**PROBLEM STATEMENT**. From the entries below, reproduce exactly the lines from the one with "Hi, I'm Archer!" through the one with "狭い交差点で信号柱を立てる十", both included, without images.

**INPUT DATA**.

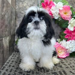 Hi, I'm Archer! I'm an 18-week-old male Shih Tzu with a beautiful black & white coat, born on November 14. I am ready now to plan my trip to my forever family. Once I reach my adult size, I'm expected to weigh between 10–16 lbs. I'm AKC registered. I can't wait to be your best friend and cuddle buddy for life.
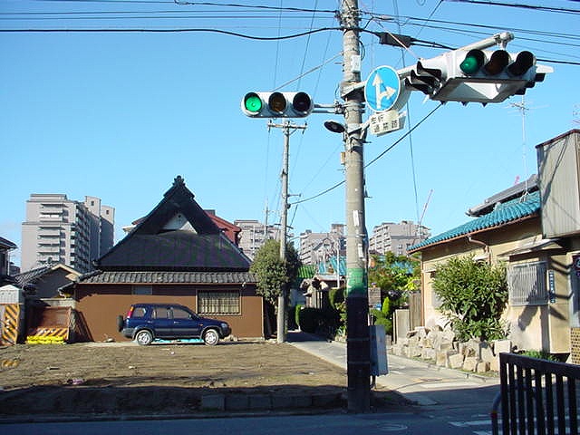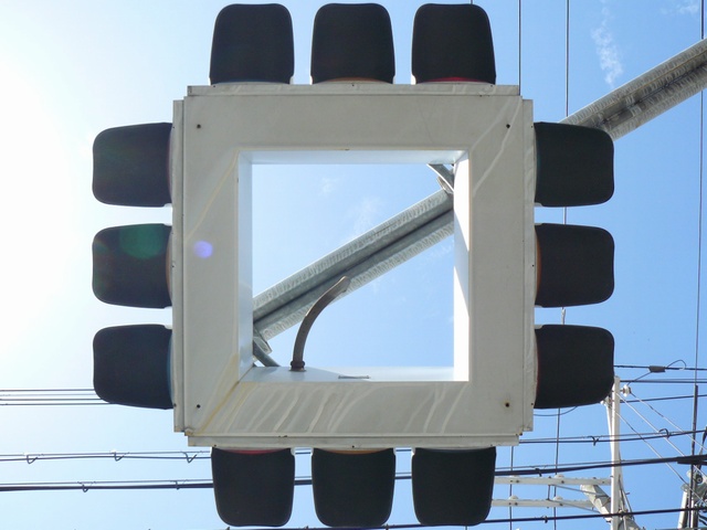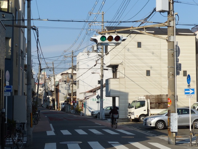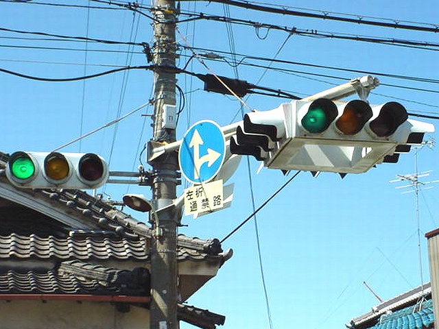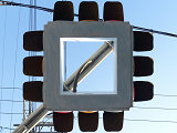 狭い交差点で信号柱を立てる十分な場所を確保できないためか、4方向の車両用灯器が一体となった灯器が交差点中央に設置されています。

---

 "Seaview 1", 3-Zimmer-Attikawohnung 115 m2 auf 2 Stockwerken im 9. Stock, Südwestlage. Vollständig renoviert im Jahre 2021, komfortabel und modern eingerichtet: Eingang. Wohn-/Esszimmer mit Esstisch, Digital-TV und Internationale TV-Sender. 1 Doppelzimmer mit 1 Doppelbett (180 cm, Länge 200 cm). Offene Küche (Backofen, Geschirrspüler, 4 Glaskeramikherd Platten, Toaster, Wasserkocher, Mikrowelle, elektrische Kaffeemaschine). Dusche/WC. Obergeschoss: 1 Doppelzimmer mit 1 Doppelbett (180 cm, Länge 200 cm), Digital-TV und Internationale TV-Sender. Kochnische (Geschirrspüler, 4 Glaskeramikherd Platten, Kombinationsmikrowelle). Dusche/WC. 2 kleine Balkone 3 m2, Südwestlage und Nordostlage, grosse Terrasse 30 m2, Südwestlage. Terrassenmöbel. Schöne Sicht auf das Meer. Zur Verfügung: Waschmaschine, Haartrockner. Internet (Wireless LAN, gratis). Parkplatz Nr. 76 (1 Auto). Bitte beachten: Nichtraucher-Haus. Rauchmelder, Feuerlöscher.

**SOLUTION TO THE PROBLEM**.
 Hi, I'm Archer! I'm an 18-week-old male Shih Tzu with a beautiful black & white coat, born on November 14. I am ready now to plan my trip to my forever family. Once I reach my adult size, I'm expected to weigh between 10–16 lbs. I'm AKC registered. I can't wait to be your best friend and cuddle buddy for life.
 狭い交差点で信号柱を立てる十分な場所を確保できないためか、4方向の車両用灯器が一体となった灯器が交差点中央に設置されています。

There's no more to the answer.